Influence of H, H2, O and O2 on Armchair SiGe Nanotubes: A Theoretical Study

Abstract

A systematic, hybrid density functional theory study of interaction between SiGe nanotubes (SiGeNTs) and X (X = H, O, H2 and O2) have been performed using the hybrid functional B3LYP and an all electron 3-21G* basis set implemented in GAUSSIAN 09 suite of software. All possible internal and external adsorption sites were considered, and it was found that H prefers to move onto top of an atom site while O prefers to incorporate into NT wall by breaking the bonds. Adsorption energies for H is ∼2.0 eV and for O it is ∼5.0 eV. Controlled adsorption of atomic H and several molecular O give rises to defect density states in the frontier orbital region.
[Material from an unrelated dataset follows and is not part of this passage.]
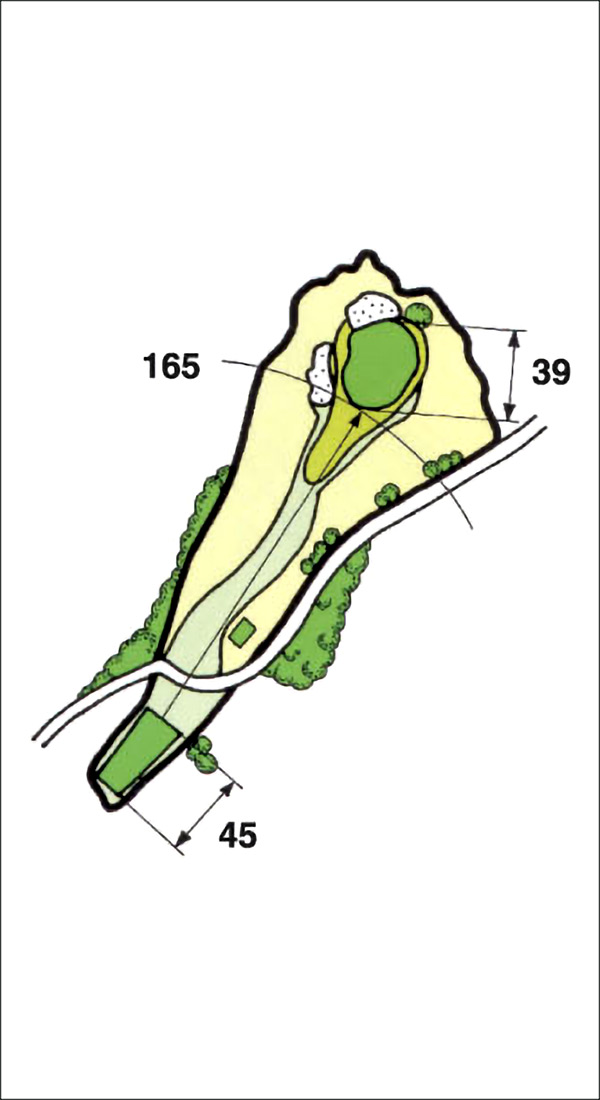 距離が長いショートホール。左はずすとパーは難しい。 グリーン右からは寄せやすい。

H rich adsorptions predict the difference between highest occupied molecular orbital (HOMO) energy and the lowest unoccupied molecular orbital (LUMO) energy increase while O rich adsorptions predict the decrease in HOMO-LUMO energy gap. O and O2 adsorptions predict definite ionic bonding character while H atomic adsorptions predict covalent bonding. H2 is very neutral towards the adsorption into SiGeNTs and clearly shows the physisorption adsorption. Considering the all adsorptions, the adsorptions happened within the Si vicinity of the SiGeNT shows the most stable and preferred adsorption region.